**Instructions to follow**
From the line containing "Museo Correr, Venetsia" through the last line of the records below, each line is to be repeated exactly; pictures are to be omitted.
BEGIN Recorded data
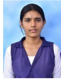
തയ്യാറാക്കിയത് വർഷ പി

പറഞ്ഞ രാശിയിൽ നിലവിലുള്ള കൊളുത്തി കൊടിയിലയിൽ വിത്തിട്ട് തറയിൽ കുഴിച്ചു മുടുന്നു.
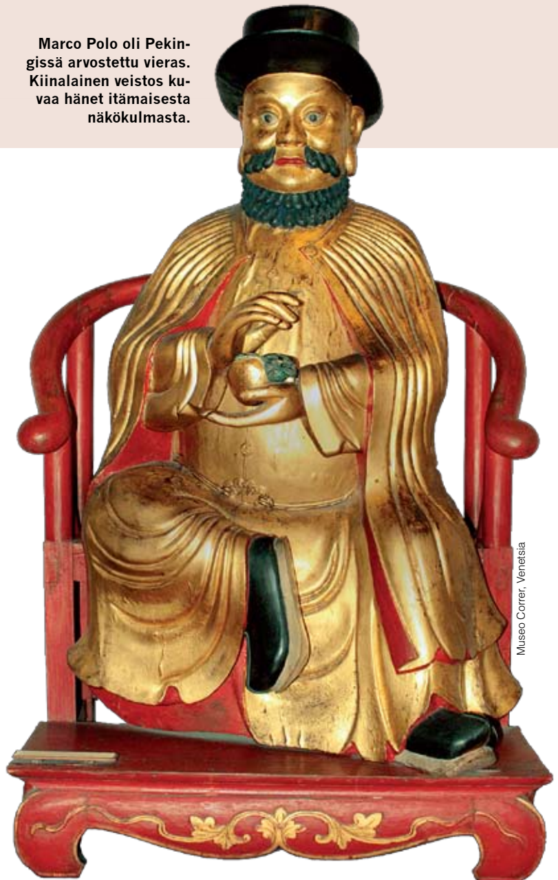
Museo Correr, Venetsia
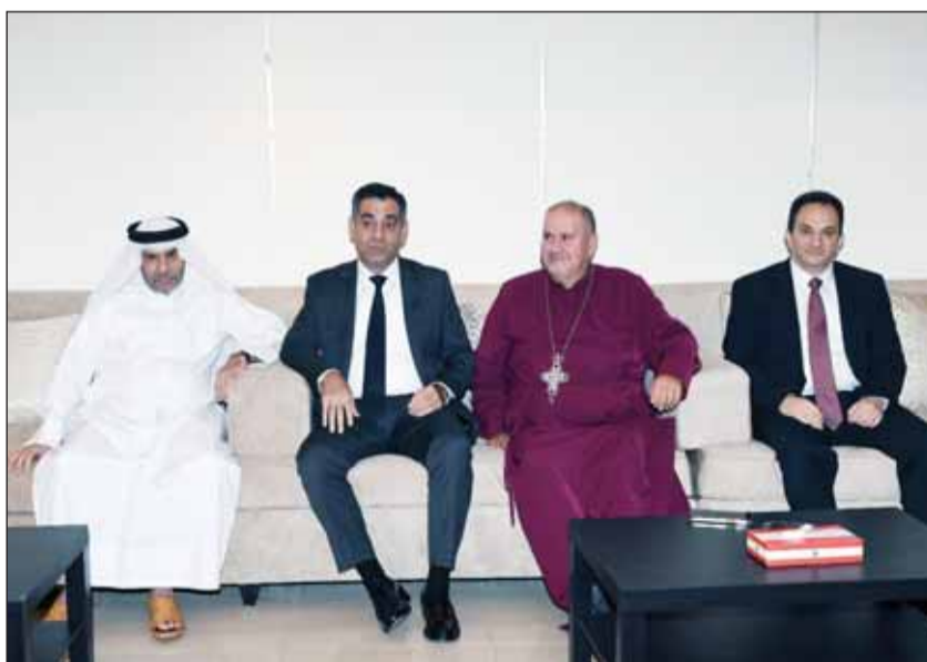
القائم بأعمال السفارة اللبنانية أحمد عرفة يتلقى التعازي من السفير القطري علي آل محمود

استقبلت السفارة اللبنانية أمس المعززين بوفاء رئيس الوزراء اللبناني الأسبق د. سليم الحص، كما فحمت سجلا للتعازي بالراحل الكبير. ضمت جموع المعززين عددا كبيرا من السفراء والديبلوماسيين المعتمدين لدى البلاد، إضافة إلى عدد من المواطنين، ومشد كبير من أبناء الجالية
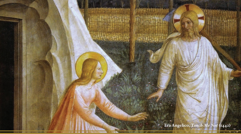
Era Angelico, Touch Me Not (1442)
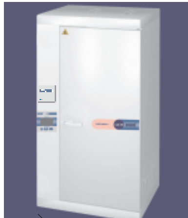
C- 140W wersja A
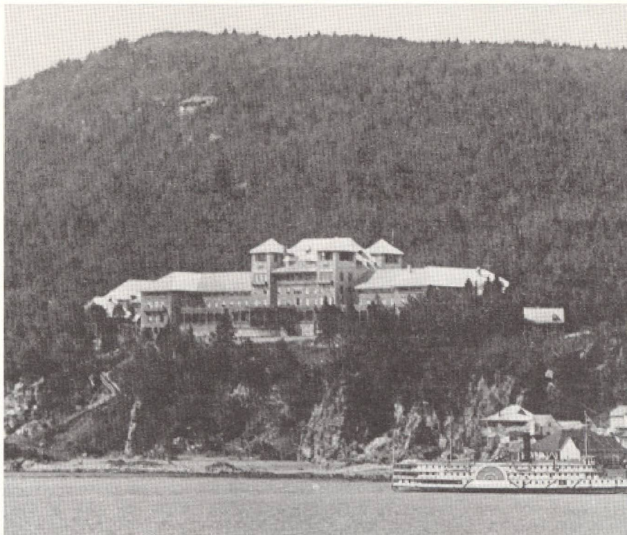
Le célèbre Manoir Richelieu à la Malbaie. Au début du XXe siècle, les bateaux à vapeur y transportaient les touristes de toute l'Amérique du Nord.

1936, « Les bonnes routes de la Province de Québec, leur signalisation, l'ensemble de son hôtellerie et la politique de bon accueil de sa population joint à la magnificence inouïe dont la nature l'a dotée font de cette Province française un endroit idéal où les visiteurs peuvent trouver tout ce qui est nécessaire au charme de leur esprit, à l'apaisement de leur fatigue, au
END Recorded data
**Task output**
Museo Correr, Venetsia
القائم بأعمال السفارة اللبنانية أحمد عرفة يتلقى التعازي من السفير القطري علي آل محمود

استقبلت السفارة اللبنانية أمس المعززين بوفاء رئيس الوزراء اللبناني الأسبق د. سليم الحص، كما فحمت سجلا للتعازي بالراحل الكبير. ضمت جموع المعززين عددا كبيرا من السفراء والديبلوماسيين المعتمدين لدى البلاد، إضافة إلى عدد من المواطنين، ومشد كبير من أبناء الجالية
Era Angelico, Touch Me Not (1442)
C- 140W wersja A
Le célèbre Manoir Richelieu à la Malbaie. Au début du XXe siècle, les bateaux à vapeur y transportaient les touristes de toute l'Amérique du Nord.

1936, « Les bonnes routes de la Province de Québec, leur signalisation, l'ensemble de son hôtellerie et la politique de bon accueil de sa population joint à la magnificence inouïe dont la nature l'a dotée font de cette Province française un endroit idéal où les visiteurs peuvent trouver tout ce qui est nécessaire au charme de leur esprit, à l'apaisement de leur fatigue, au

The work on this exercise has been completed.